Connecting Athena to an Apache Hive Metastore - Amazon Athena

Connecting Athena to an Apache Hive Metastore

To connect Athena to an Apache Hive metastore, you must create and configure a Lambda function. For a basic implementation, you can perform all required steps starting from the Athena management console.

Note

The following procedure requires that you have permission to create a custom IAM role for the Lambda function. If you do not have permission to create a custom role, you can use the Athena reference implementation to create a Lambda function separately, and then use the AWS Lambda console to choose an existing IAM role for the function. For more information, see Connecting Athena to a Hive Metastore Using an Existing IAM Execution Role.

To connect Athena to a Hive metastore

  1. Open the Athena console at https://console.aws.amazon.com/athena/.

  2. Choose Connect data source.

    
                        Choose Connect data source.
  3. On the Connect data source page, for Choose a metadata catalog, choose Apache Hive metastore.

    
                        Choose Apache Hive metastore.
  4. Choose Next.

  5. On the Connection details page, for Lambda function, choose Configure new AWS Lambda function.

    
                        Choose Configure new AWS Lambda
                            function.

    The AthenaHiveMetastoreFunction page opens in the AWS Lambda console.

    
                        The AthenaHiveMetastoreFunction page in the
                            AWS Lambda console.
  6. Under Application settings, enter the parameters for your Lambda function.

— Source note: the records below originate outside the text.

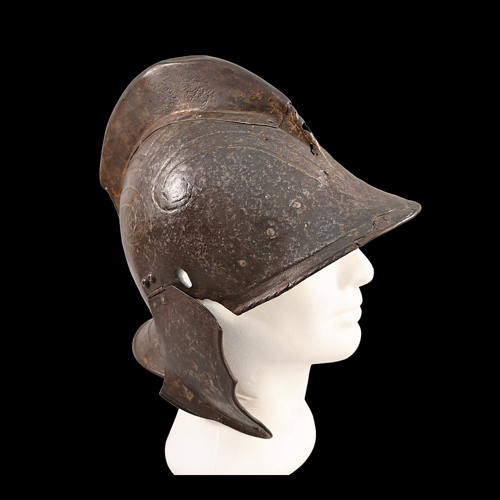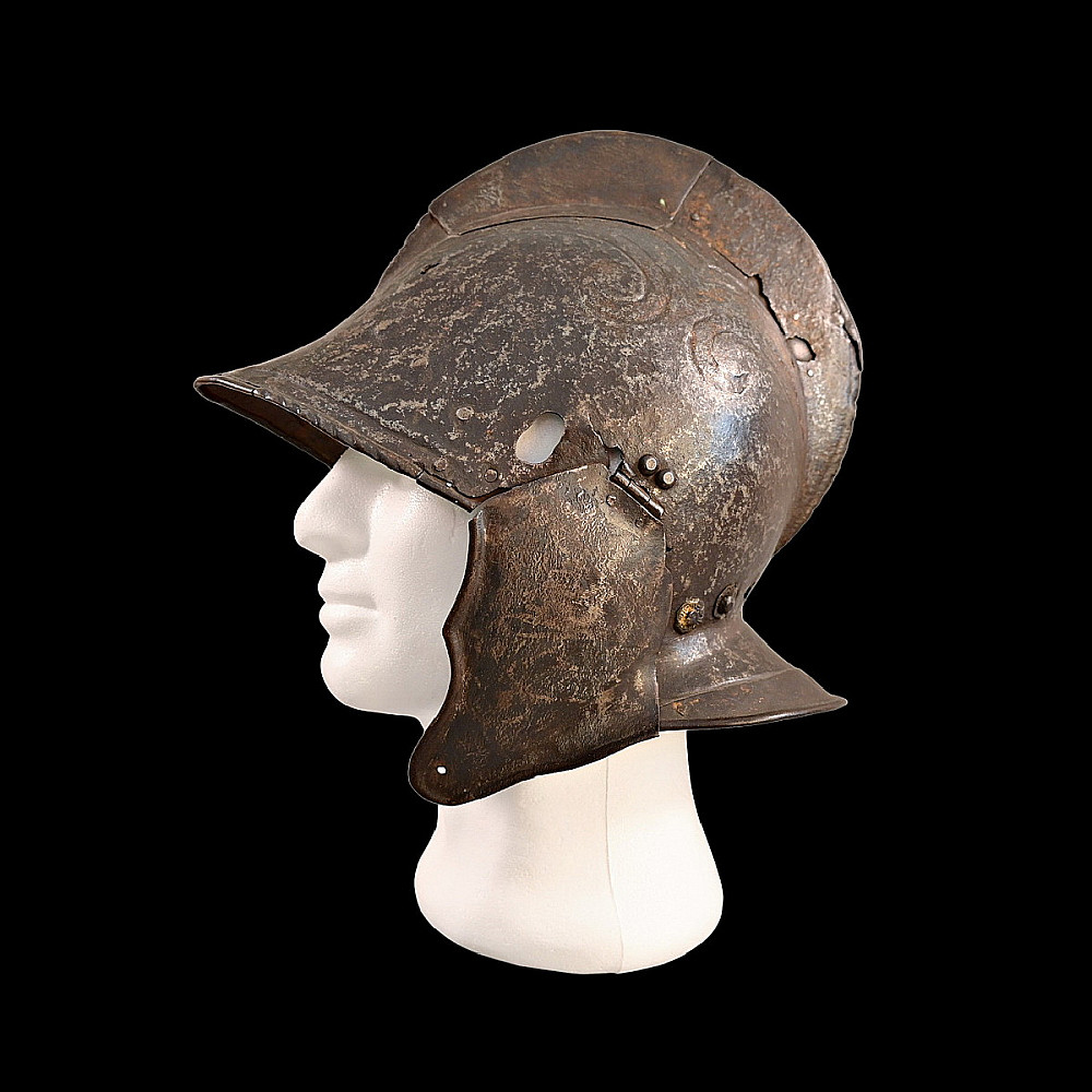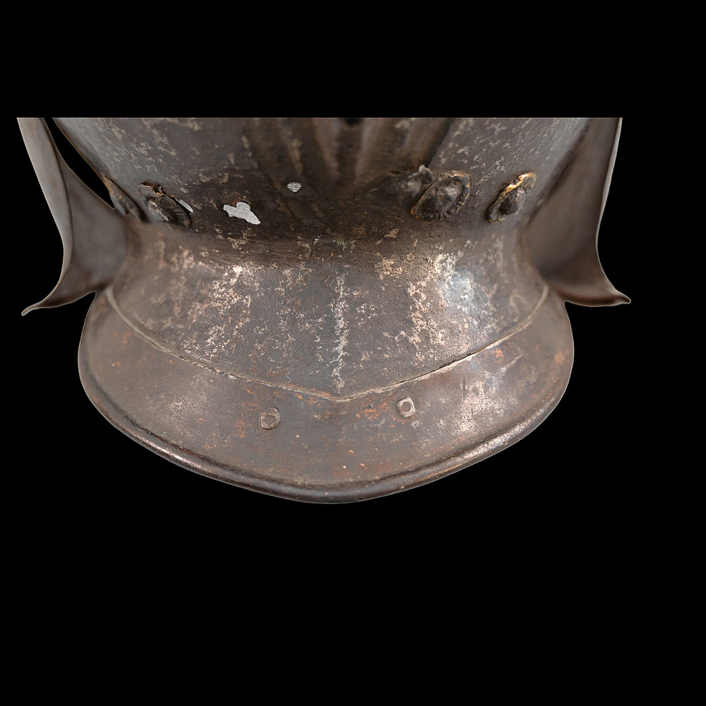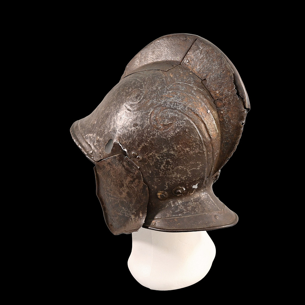 The burgonet helmet, Europe, 16th century. Decorated with relief pattern and remains of gilding. Restoration of the period of existence of the helmet. Probably the period of the religious war in France between Catholics and Protestants or the Huguenot war
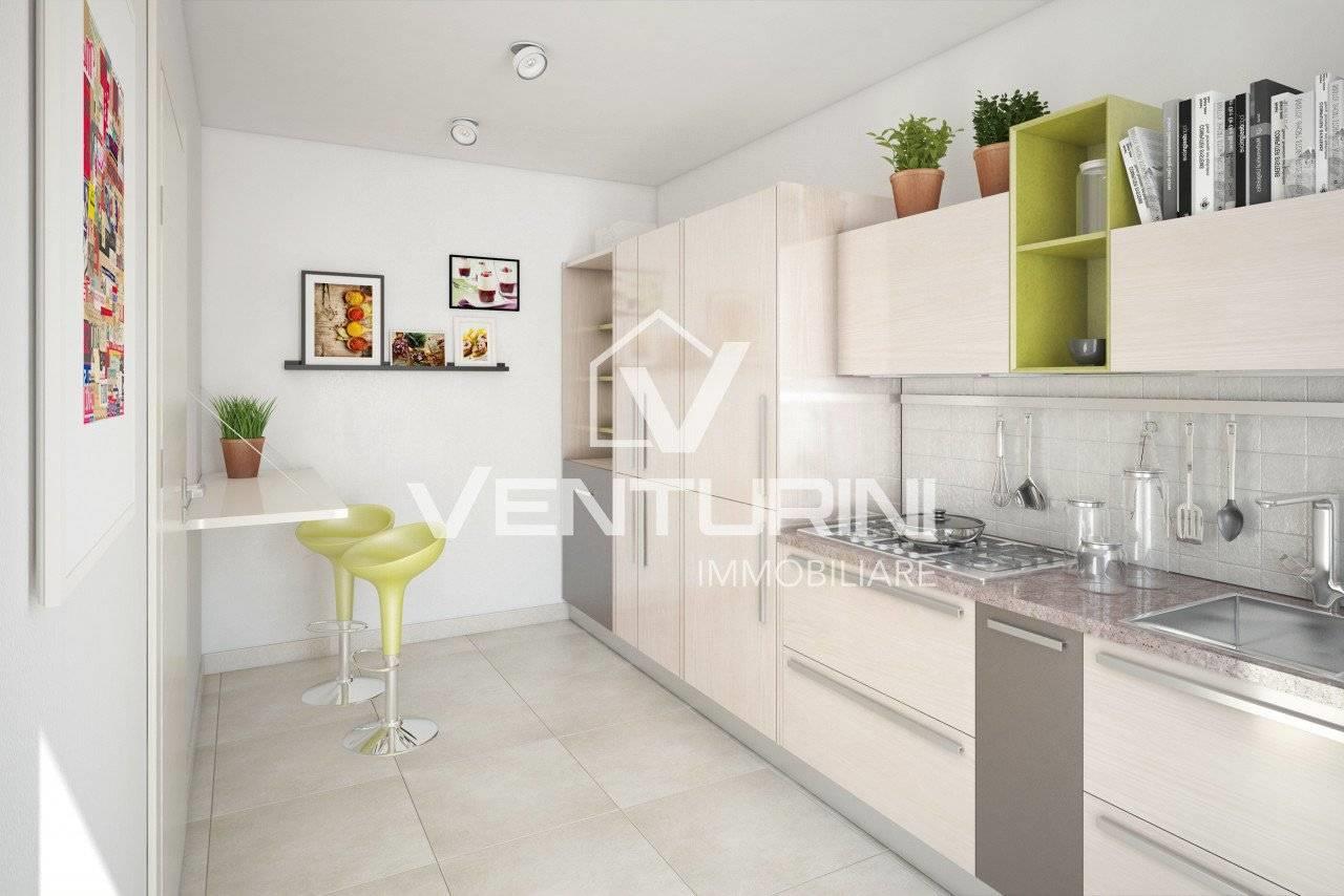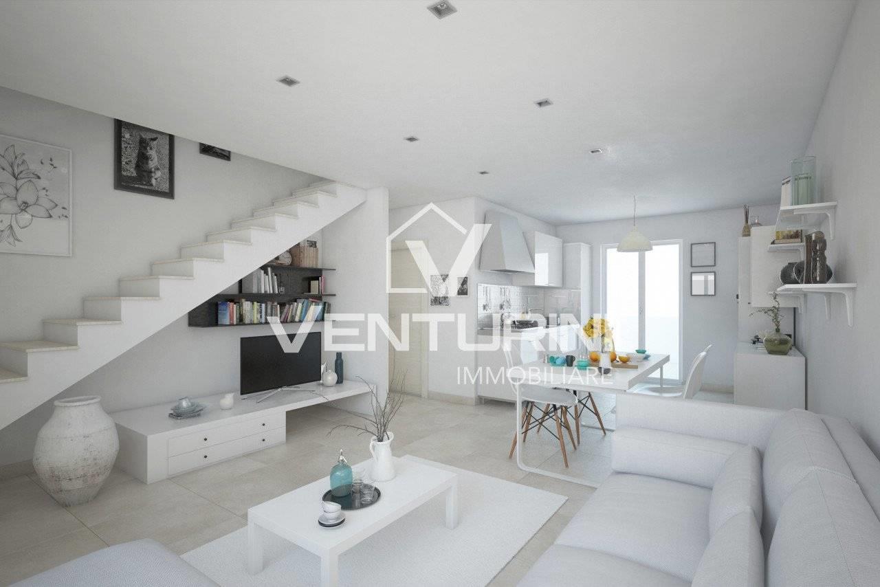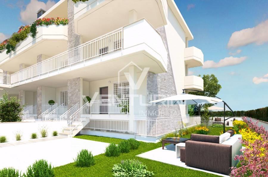 Venturini Immobiliare è lieta di presentare la vendita di esclusivi appartamenti con giardino nella tranquilla e verdeggiante zona di Valle Muricana. Questi splendidi immobili, con una superficie di circa 97 mq, offrono spazi ben organizzati che comprendono un luminoso soggiorno adiacente all'angolo cottura, due camere da letto spaziose e doppi servizi moderni.
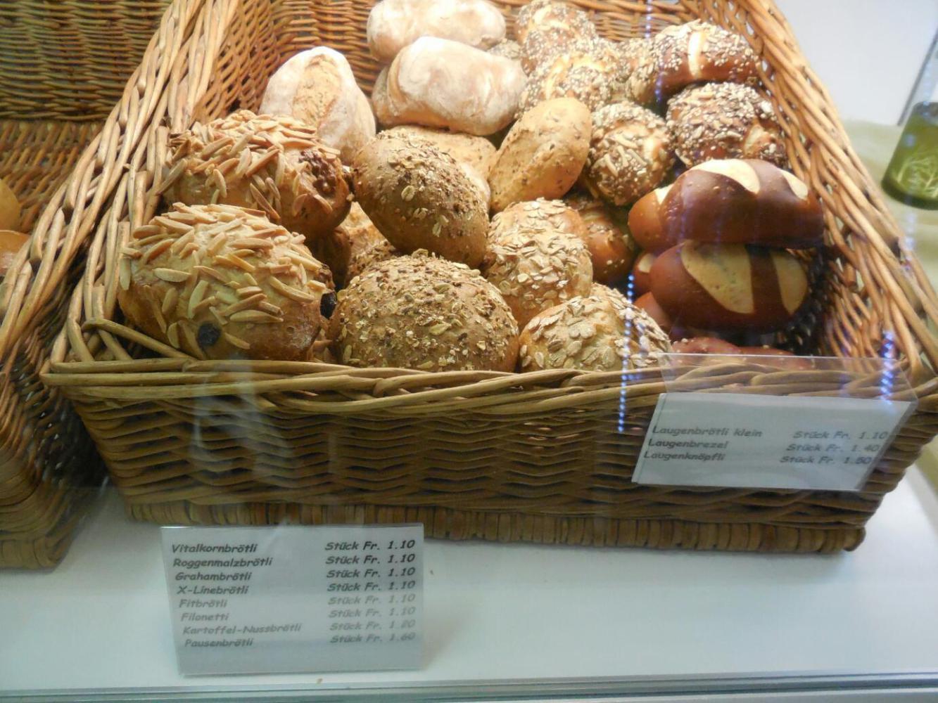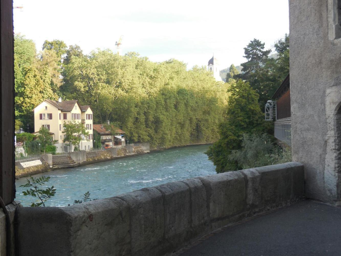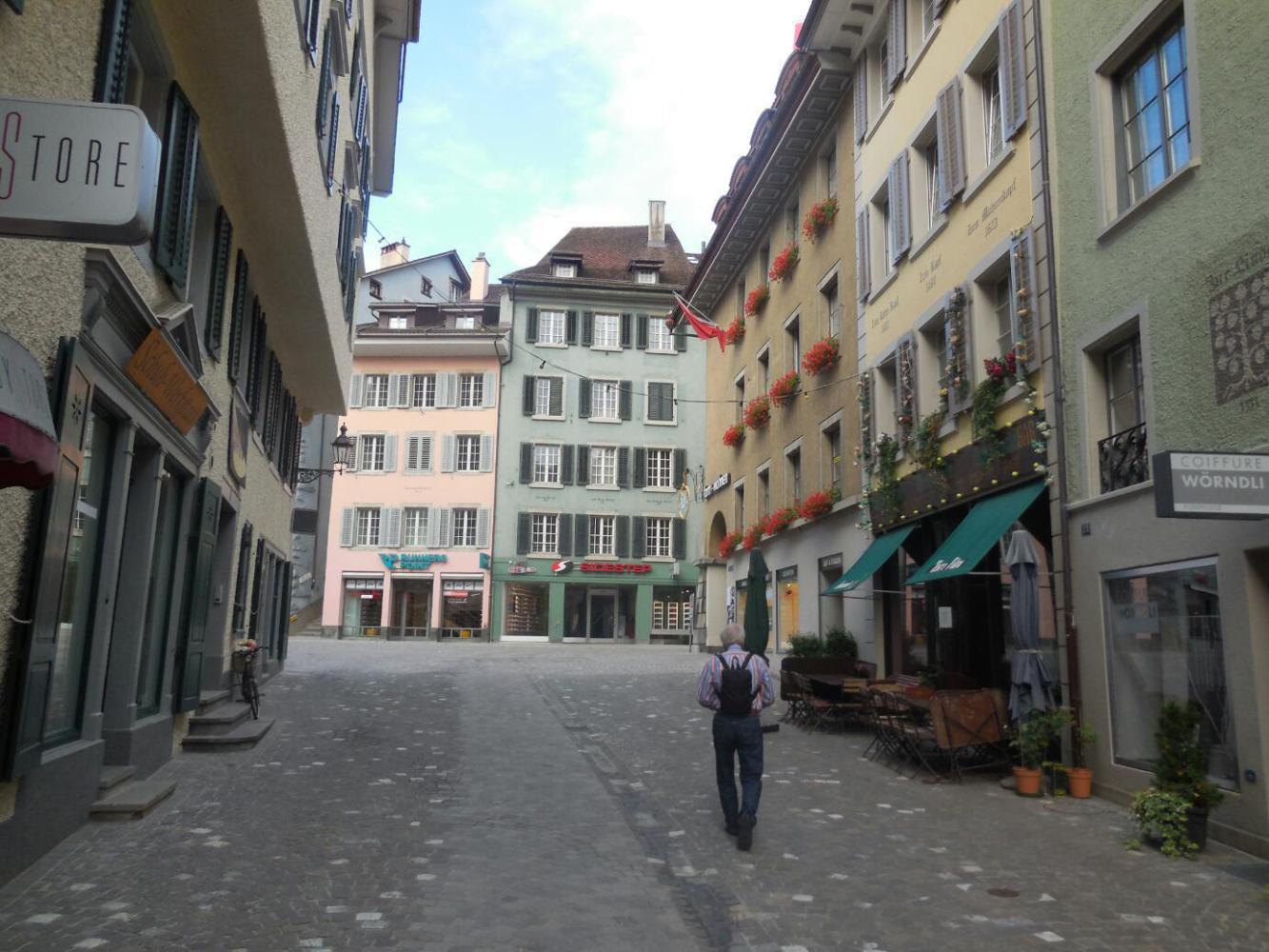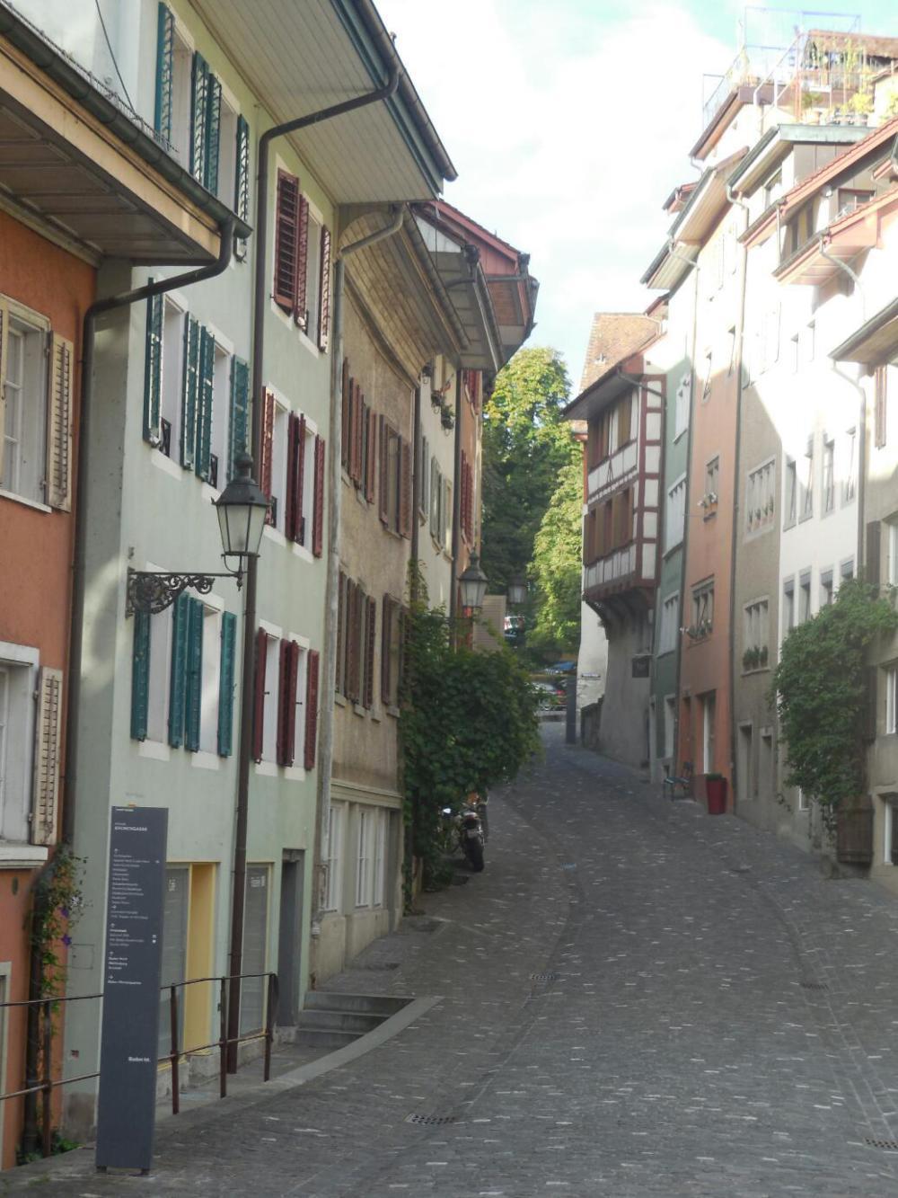 Actually, today did have some good stuff in it. Baden, for one. Here you cross a bridge by steep banks, and ascend into an altstadt. It looks different from german ones, plainerbut with buildings that are still satisfyingly crooked, and with dates in the 1400s and 1500s on them. We also found a bakery, our only one of the day. It too was plain, but the quality was not bad. The prices, though were double to triple German ones.
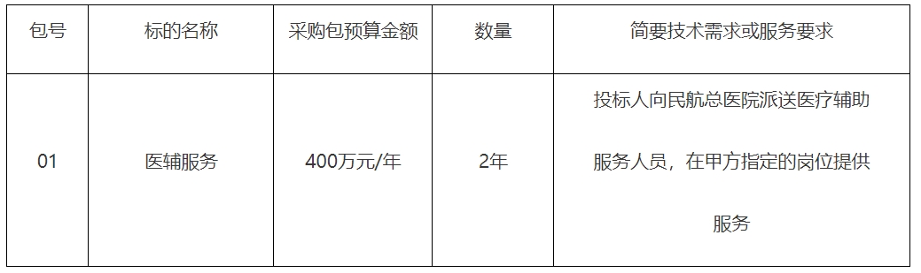 项目名称:民航总医院医辅服务采购项目
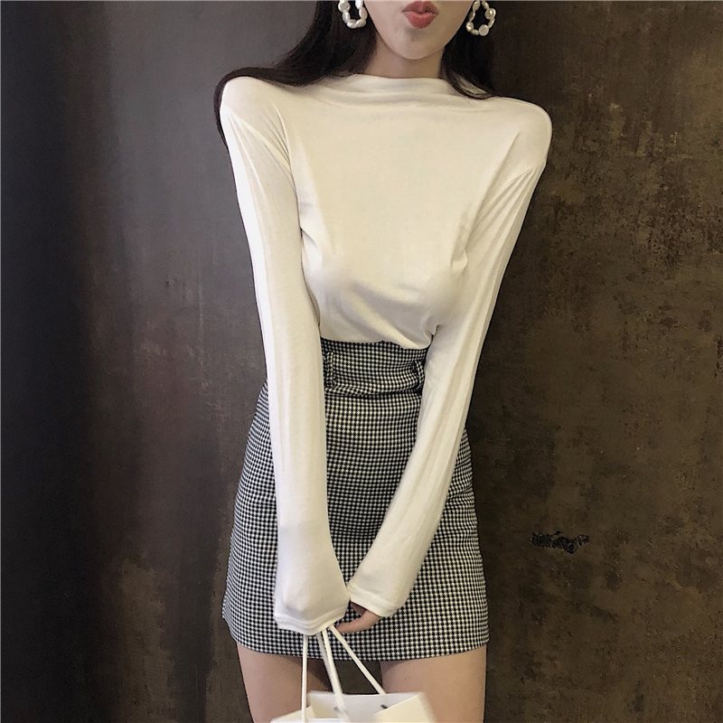 / 2018新款秋季女韓版打底顯瘦時尚長袖百搭T恤半高領純色修身上衣
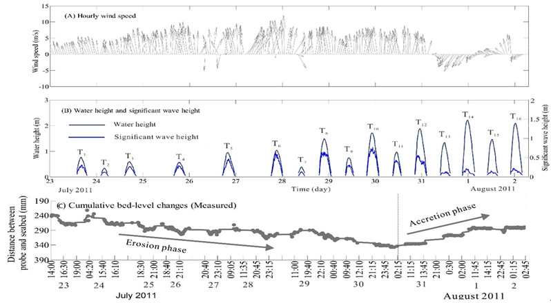 河口海岸、潮汐环境的沉积地貌过程是海岸海洋科学系的传统研究领域。近年来,海岸海洋科学系借助高精度、高时空分辨率的动力-沉积物-地貌观测系统和数值模拟技术,定量研究了河口海岸、潮汐环境中细颗粒物质输运的物理过程和机制,加深了对海岸带侵蚀淤积循环规律的认识。近期在长江口崇明东滩潮间带的研究发现,(1)侵蚀或淤积过程是由风速-风向和大-小潮周期的交互作用所控制的,即为近岸风和潮汐交互影响的结果(图1);(2)无论是在正常天气还是在风暴天气,近岸风均可以显著改变潮滩滩面高程;(3)上述过程可以通过经典的浪-流-沉积物耦合模型来描述和预测。这是对海岸冲淤规律的新认识,有助于进一步发展河口海岸演化的新模式,为建立潮滩和三角洲沉积地貌演化的正演模拟奠定基础,亦可并为海岸带综合管理和生物工程建设提供科学依据。该项成果以黄漫 为第一单位发表于Nature Index期刊,论文的第一作者为黄漫 史本伟博士:Shi, B. W., S. L. Yang, Y. P. Wang, G. C. Li, M. L. Li, P. Li, and C. Li, 2017. Role of wind in erosion-accretion cycles on an estuarine mudflat. Journal of Geophysical Research: Oceans, 121(1): 193–206, doi:10.1002/2016JC011902.。该项工作得到了国家自然科学基金面上项目的资助。
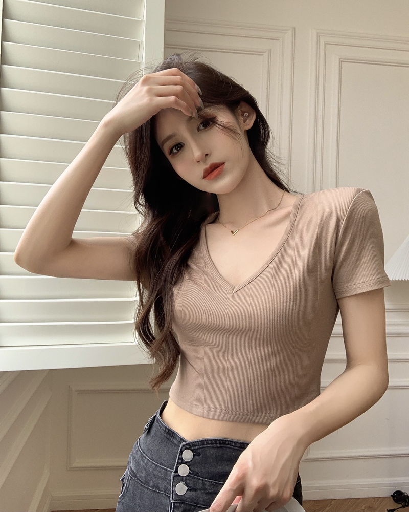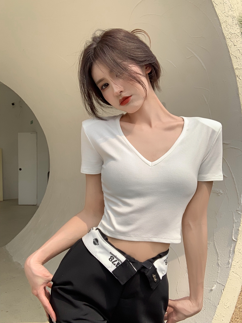여름 홍콩 스타일의 사진 소형 섹시 v- 넥 탄성 슬림 한 짧은 어깨 패드 짧은 슬리브 티셔츠 여자 스키딩 거북이 탑
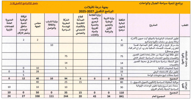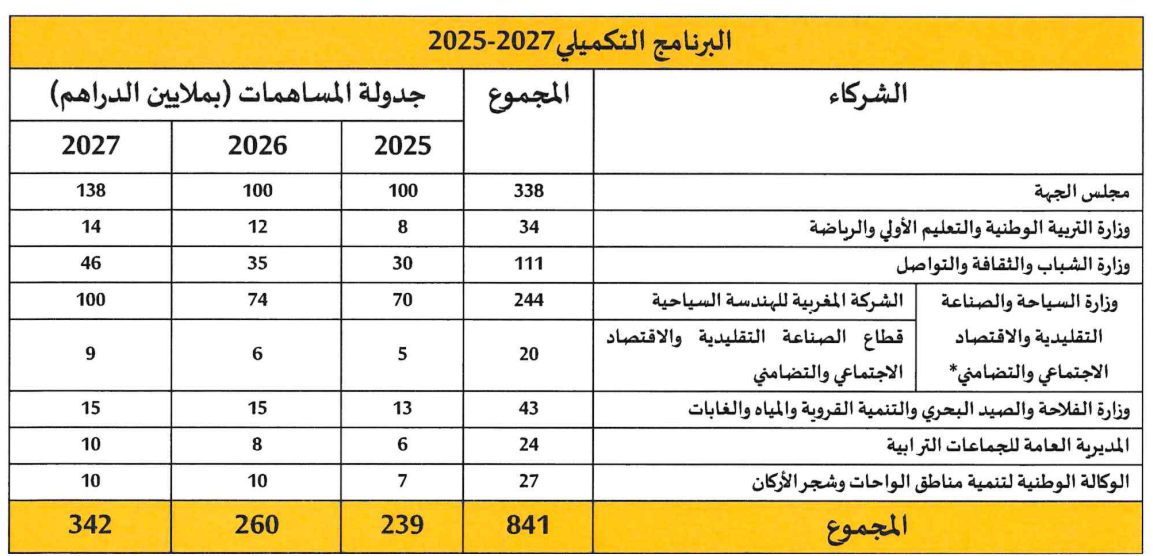 وبالنسبة للبرنامج التكميلي بغلاف مالي يناهز 841 مليون درهم والممتد من 2025 إلى 2027 لإنجاز المشاريع المهيكلة والتي يتطلب إنجازها القيام بدراسات الجدوى قبليا مع توفير الأوعية العقارية اللازمة لاحتضانها من طرف المجالس الترابية.

    • LambdaFuncName – Provide a name for the function. For example, myHiveMetastore.

    • SpillLocation – Specify an Amazon S3 location in this account to hold spillover metadata if the Lambda function reponse size exceeds 4MB.

    • HMSUris – Enter the URI of your Hive metastore host that uses the Thrift protocol at port 9083. Use the syntax thrift://<host_name>:9083.

    • LambdaMemory – Specify a value from 128MB to 3008MB. The Lambda function is allocated CPU cycles proportional to the amount of memory that you configure. The default is 1024.

    • LambdaTimeout – Specify the maximum permissible Lambda invocation run time in seconds from 1 to 900 (900 seconds is 15 minutes). The default is 300 seconds (5 minutes).

    • VPCSecurityGroupIds – Enter a comma-separated list of VPC security group IDs for the Hive metastore.

    • VPCSubnetIds – Enter a comma-separated list of VPC subnet IDs for the Hive metastore.

  7. On the bottom right of the Application details page, select I acknowledge that this app creates custom IAM roles, and then choose Deploy.

    
                        Deploying the Lambda function app from the AWS Lambda
                            console.

    When the deployment completes, your function appears in your list of Lambda applications. Now that the Hive metastore function has been deployed to your account, you can configure Athena to use it.

    
                        A Lambda Hive metastore app in the AWS Lambda console.
  8. Return to the Connection details page of the Data Sources tab in the Athena console.

  9. Choose the Refresh icon next to Choose Lambda function. Refreshing the list of available functions causes your newly created function to appear in the list.

    
                        Choose Refresh.
  10. Now that your Lambda function is available, choose it.

    
                        Choose the Lambda function that you created.

    A new Lambda function ARN entry shows the ARN of your Lambda function.

    
                        Lambda function ARN.
  11. For Catalog name, enter a unique name that you will use in your SQL queries to reference the data source. The name can be up to 127 characters long and must be unique within your account. It cannot be changed after creation. Valid characters are a-z, A-z, 0-9, _(underscore), @(ampersand), and -(hyphen). The names awsdatacatalog, hive, jmx, and system are reserved by Athena and cannot be used for custom catalog names.

  12. (Optional) For Description, enter text that describes your data catalog.

  13. Choose Connect. This connects Athena to your Hive metastore catalog.

    The Data sources page shows a list of your connected catalogs, including the catalog that you just connected. All registered catalogs are visible to all users in the same Amazon Web Services account.

    
                        The Data sources page shows your connected
                            catalogs.
  14. You can now use the Catalog name that you specified to reference the Hive metastore in your SQL queries. In your SQL queries, use the following example syntax, replacing hms-catalog-1 with the catalog name that you specified earlier.

    SELECT * FROM hms-catalog-1.CustomerData.customers;
  15. To view, edit, or delete the data sources that you create, see Managing Data Sources.